Problématique : Le nombre de litiges relatifs à la formation du contrat de travail montre qu’il n’est pas toujours aisé de caractériser la notion de promesse d’embauche, tant pour les employeurs que pour les candidats à l’emploi ; les premiers soutenant que leurs propos ne constituaient que de simples pourparlers d’embauche, ou encore une offre d’embauche ; les seconds prétendant, au contraire, avoir bénéficié d’une véritable promesse d’embauche. En présence de tels litiges, il est donc essentiel de pouvoir cerner les différents concepts.
La situation particulière liée à l’épidémie de covid-19 met en lumière, notamment dans le secteur de l’audiovisuel et du cinéma, le fait que certains employeurs ont refusé le bénéfice du chômage partiel à des salariés, au motif qu’ils n’avaient pas encore signé leur contrat, alors pourtant qu’une promesse d’embauche a pu être conclue.
En l’état du droit actuel :
Le contrat de travail est soumis aux règles de droit commun des obligations qui a été réformé fin 2016. Le contrat se forme dès l’échange des consentements du salarié et de l’employeur. L’analyse de l’échange des consentements appelle quelques précisions.
Désormais, depuis la réforme de 2016, la promesse d’embauche ne vaut plus systématiquement contrat de travail comme auparavant (Soc. 15 décembre 2010, n°0842.951). Depuis un arrêt du 21 septembre 2017, appliquant la réforme, il faut distinguer l’offre et la promesse unilatérale de contrat de travail (Soc. 21 septembre 2017, n°1620.103).
D’un côté on trouve l’offre de contrat (articles 1114 et suivants du code civil). Elle constitue une manifestation unilatérale de volonté qui engage son auteur (l’employeur) si elle détermine les éléments essentiels de l’emploi (emploi proposé, rémunération, date d’entrée en fonction…) et qu’elle exprime la volonté de son auteur d’être lié en cas d’acceptation.

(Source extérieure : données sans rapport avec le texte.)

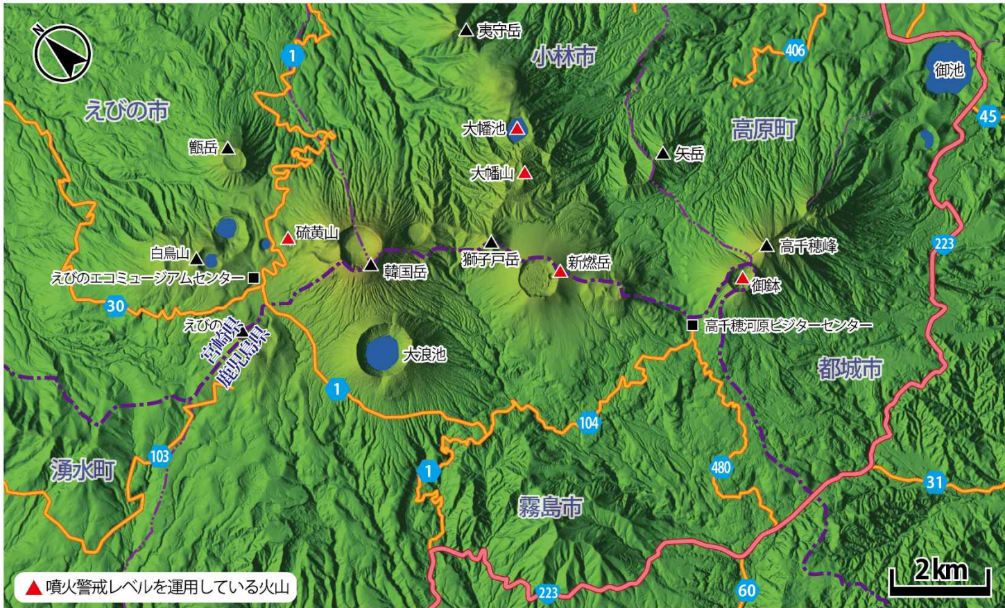
※この地図は国土地理院の地理院タイル(色別標高図)を使用して作成しています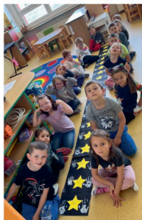
Žabky jsou Superstar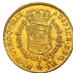
1286 CARLOS III (1759-1788). 8 Escudos. (Au. 26,97g/37mm). 1771. Lima JM. Segundo tipo de cara de rata. (Cal-2019-1926). MBC+. Precioso tono. Ligeras rayitas en reverso. 2500 €

México, Lima, Santa Fe de Nuevo Reino, Santiago de Chile, Guatemala, Madrid y Sevilla, acuñan entre 1672 y 1772 el famoso Cara de Rata, uno de los retratos más icónicos del grabador y medallista Tomás Francisco Prieto y de toda la numismática española y que aparecen entre los módulos comprendidos entre el ½ y los 8 Escudos. La ceca de Lima fue, junto a la de México, la más prolífica en cuanto a piezas acuñadas se refiere, encontrando además en ésta dos subtipos de bustos diferenciados básicamente por la forma de la nariz. El primer tipo iría entre 1763 y 1768 y el segundo entre ese mismo 1768 y 1772, fecha en la que se unifican los bustos en el llamado busto propio.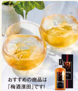
おすすめの商品は「梅酒濱田」です!

これまで度々梅干を食べることはあっても、深く接することはなく、まだまだ梅干についての知識が乏しいのがお恥ずかしいところですが、日々勉強の毎日を送っています。なかなかお客様と直接やり取りをさせて頂く機会が少ない部署ではありますが、いち早く皆様に自信を持って商品をオススメできるよう、そして喜んでもらえるように頑張っていきたいと思います。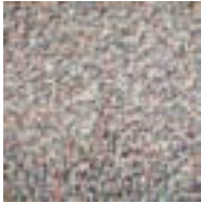
Vera Molnar A la recherche de Paul Klee 1970

Collection Frac Bretagne © ADAGP, Paris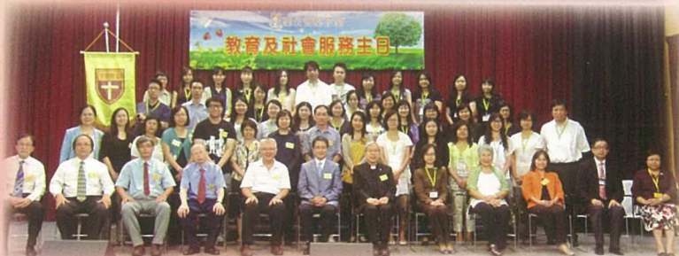
全校教師參與聖匠堂舉辦之教育及服務主日。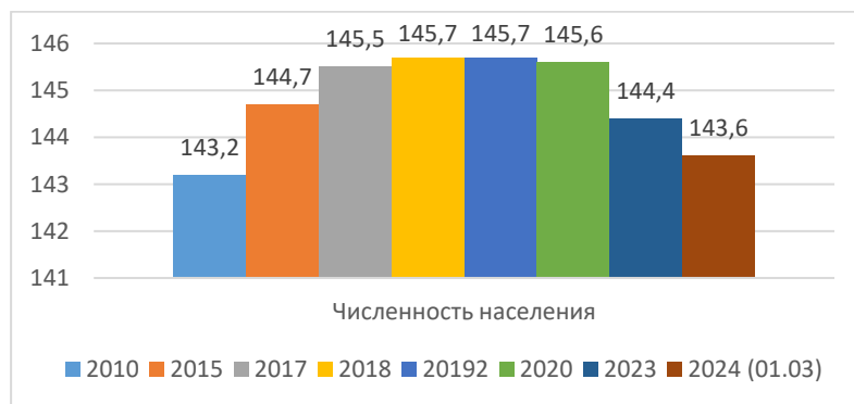
Рис. 1 – Динамика численности населения в России, 2010 – 2024 (январь, февраль) годы, млн. чел.

Текущее население России в апреле 2024 года составляет 144 045 522 – рис. 1 [31].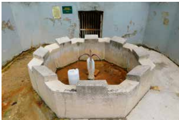
Slika 5: ... i danas se voda koristi za piće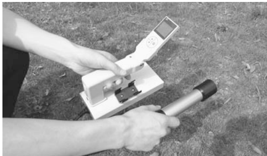
放射線測定器で市内をくまなくチェック

市長 大規模の災害になったときには、比較的離れた地域との協定が非常に有効なことは間違いないので、積極的に検討していきたい。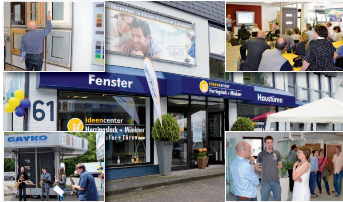
Eröffnung mit einem Tag der offenen Tür: Die neuen Ausstellungsräume des Ideencenters auf der Schneiderstraße in Langenfeld wurden mit einem kleinen Fest eingeweiht. Dazu gab es Fachvorträge zu den Themen Sicherheit und Energiesparen.

Das Ideencenter Herringslack + Münkner ist der Spezialist für Fenster und Türen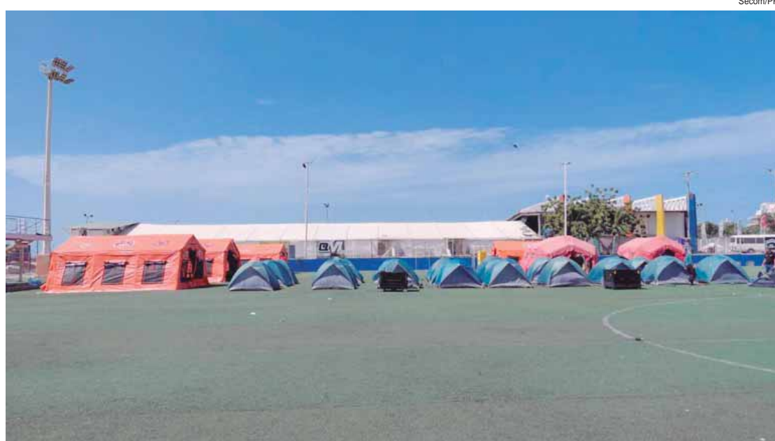
Equipe brasileira já montou acampamento em território venezuelano. Primeiras operações resgataram pelo menos duas pessoas com vida

ASSISTÊNCIA HUMANITÁRIA - O Governo do Brasil está mobilizado no esforço internacional de resposta à emergência humanitária na Venezuela. Sob a coordenação da Agência Brasileira de Cooperação (ABC), do Ministério das Relações Exteriores (MRE), o país permanece à disposição das autoridades ve-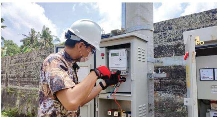
Penjualan listrik PLN meningkat di kuartal pertama 2022

PT PLN (Persero) UID Bali mencatat kenaikan penjualan listrik sebesar 802,01 Giga Watt hour (GWh) pada kuartal pertama 2022, atau naik 5,78 persen dibandingkan penjualan listrik pada periode yang sama tahun 2021 (YoY). Kenaikan ini didukung oleh beberapa program PLN yang diusung untuk menggenjot penjualan listrik.

Cependant, elle peut être librement rétractée tant qu’elle n’est pas parvenue à son destinataire (le salarié) et sa rétractation dans le délai qui avait été laissé au salarié pour l’accepter ou à défaut dans un délai raisonnable, n’engage que la responsabilité extracontractuelle de l’employeur. Le salarié ne peut pas se prévaloir d’un contrat de travail.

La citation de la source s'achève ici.